===== Task input

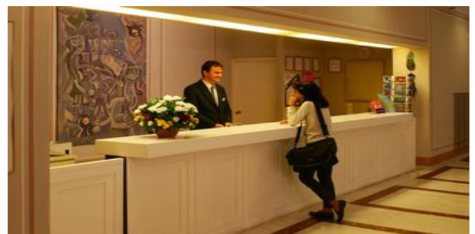
An der Rezeption
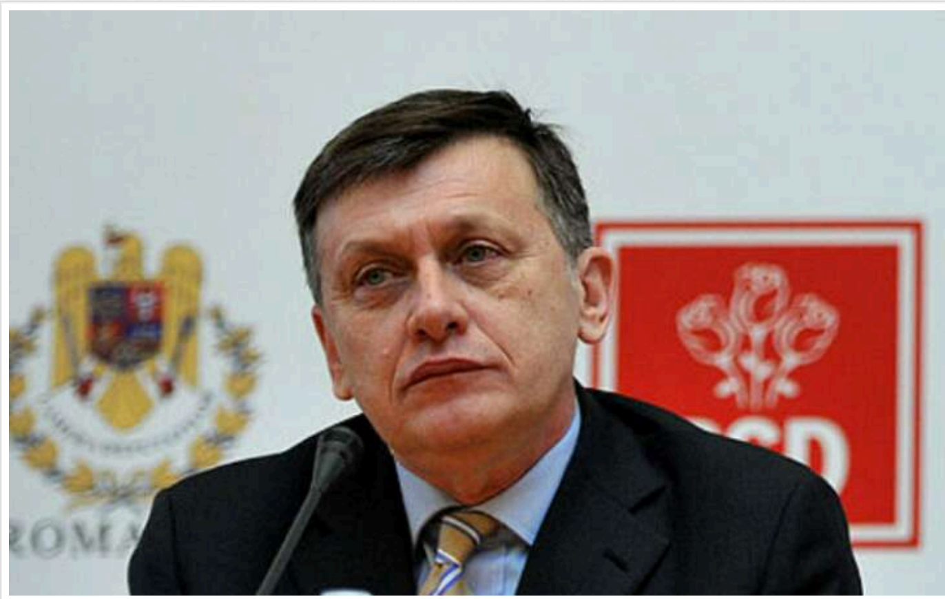
У Румунії кандидат у президенти від партії влади заявив про призупинення кампанії

Підтриманий трьома партіями урядової коаліції в Румунії кандидат на посаду президента Крін Антонеску оголосив про призупинення своєї кампанії, звинувативши партії влади у відсутності підтримки.
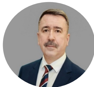
Сергей Черногаев председатель ФНПР

“ Чем выше охват населения корпоративными пенсионными программами, тем выше коэффициент замещения. Развитие таких механизмов является безальтернативным способом достижения высокого коэффициента замещения и повышения уровня пенсионного обеспечения в стране. Планируется 40% замещения к 2060 г. ”
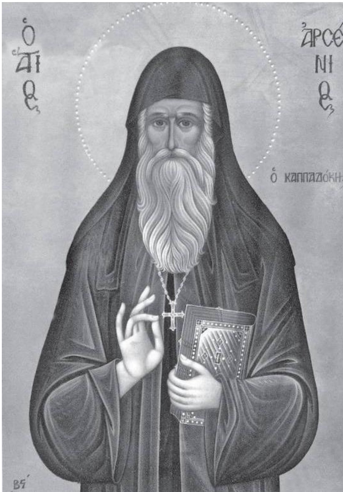
Преподобный Арсений Каппадокийский. Современная греческая икона

• Когда будущий старец был еще ребенком, один знакомый рассказал ему теорию Дарвина. Будущий святой очень расстроился, уединился и несколько часов молился Богу о врачевании. Ему явился Христос и сказал: «Я есть Воскресение и Жизнь. Верующий в Меня, если и умрет, оживет». Все сомнения на этом закончились.
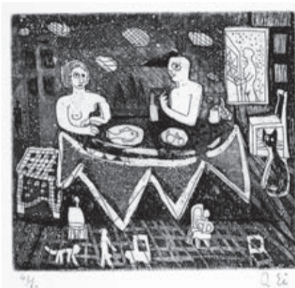
(左)「宇宙塵」1956年、(右)「版画集『瑛九・銅版画 SCALE IV』より132朝食 1951」 1983年 森秀貴・京子コレクション
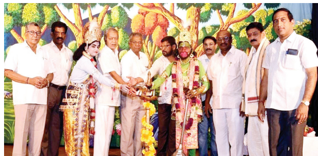
జ్యోతిప్రజ్ఞులను చేస్తున్న దృశ్యం
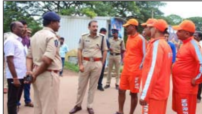
పరిశీలించారు. కొల్లూరు లాకులు ప్రాంతం వద్ద ఉండి డ్రోస్ సహాయంతో అనుక్షణం పరిస్థితులను పర్యవేక్షిస్తున్నారు. ప్రజలను త్వరితగతిన పునరావాస కేంద్రాలకు తరలించాలని, (విగతా 4వ పేజీలో)
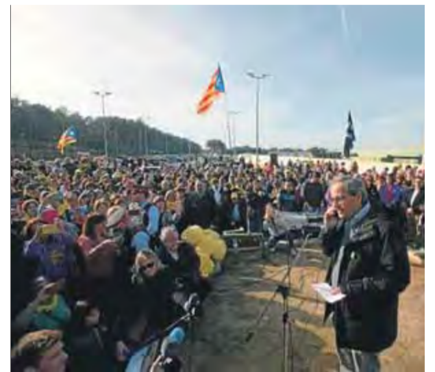
El president Torra llegint ahir les paraules de Carme Forcadell a tots els concentrats davant de la presó

convocats per Òmnium i l'ANC i amb el suport de Músics per la Llibertat s'han cantat diverses nadales, com ara El noi de la mare , Santa nit o Fum, fum, fum .

==========

▶ Problem to work on
For the string "кандидат", go through the entries above and copy each line where it occurs.

▶ The completed task
У Румунії кандидат у президенти від партії влади заявив про призупинення кампанії
Підтриманий трьома партіями урядової коаліції в Румунії кандидат на посаду президента Крін Антонеску оголосив про призупинення своєї кампанії, звинувативши партії влади у відсутності підтримки.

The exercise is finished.